Mikhail Leonidovich Timonov (Михаил Леонидович Тимонов; born 22 May 1965 in Moscow, USSR) is a Russian politician. Member of the Moscow City Duma, leader of the Opposition (2019 – 2024).

==Biography==
Born on September 22 May 1965 in Moscow, RSFSR. Graduated from the Moscow Aviation Institute.

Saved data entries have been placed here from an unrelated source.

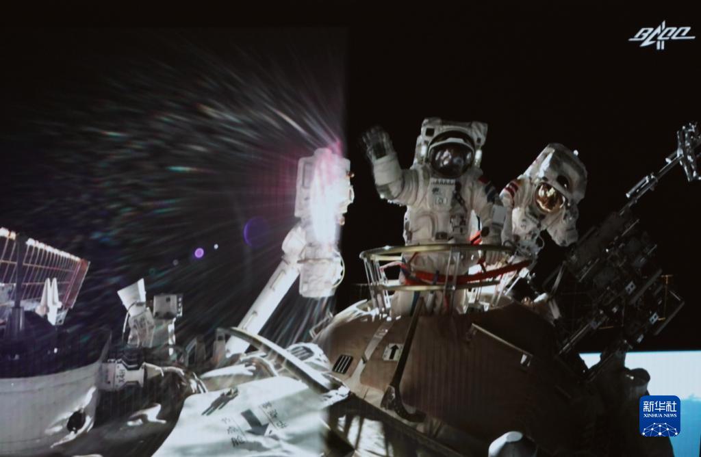 8月20日在北京航天飛行控制中心大屏拍攝的神舟十二號乘組航天員在艙外工作場景。新華社記者 田定宇 攝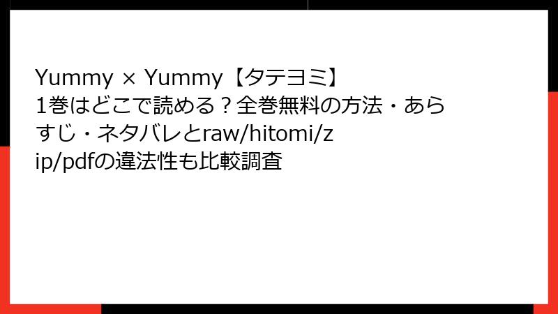 縦読み漫画「Yummy × Yummy【タテヨミ】」は、魅力的なストーリーとビジュアルで人気を集めていますが、海賊版サイト(raw、hitomi、zip、pdf、漫画バンクなど)で無料で読もうとする人が少なくありません。しかし、これらのサイトを利用することは、法的・セキュリティ面で深刻なリスクを伴います。このブログ記事では、そんなリスクを詳しく解説し、なぜ正規ルートを選ぶべきかを読み応えのある形で掘り下げます。安全に楽しむための意識改革をおすすめします。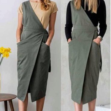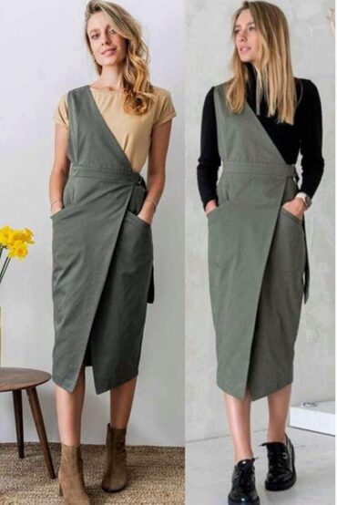 Этот отрезной по талии сарафан с прямой юбкой предназначен для ношения на футболку или на водолазку.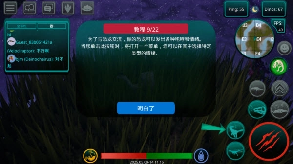 8、借助吼叫系统,恐龙能够传达多样的情绪与意图。点击相应按钮即可打开情绪菜单,从中选择咆哮、示威或是交流的方式,来和其他生物进行互动。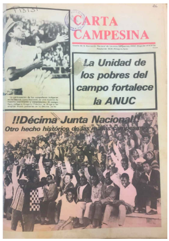 La ANUC por una Reforma Agraria Integral y democrática; por la reivindicación del trabajador agrícola, por la elevación de su nivel de vida económico, social, cultural, y el desarrollo pleno de sus capacidades y que entiende que para superar el atraso económico del país y lograr el bienestar general del pueblo colombiano es necesario romper las actuales estructuras de dominación internas y externas que han beneficiado a una reducida clase explotadora, mediante la lucha organizada y permanente del campesinado colombiano con la clase obrera y demás sectores populares comprometidos con el cambio estructural y la liberación total de nuestra patria de toda forma de dominación y coloniaje. (ANUC 1974, 11)

== 2019 Moscow City Duma election==

Mikhail won the elections to the Moscow City Duma of the seventh convocation in the 16th single-mandate constituency (the districts Bogorodskoye, Preobrazhenskoye, part of Sokolinaya Gora), receiving 12.293 votes (37.6%). Member of the commissions for urban planning, state property and land use, environmental policy, urban management and housing policy.

He was supported by Alexei Navalny's "Smart Voting" system. From September to November 2019 Michail Timonov led A Just Russia in Moscow City Duma and was suspended due to vote against the draft budget of Moscow for 2020.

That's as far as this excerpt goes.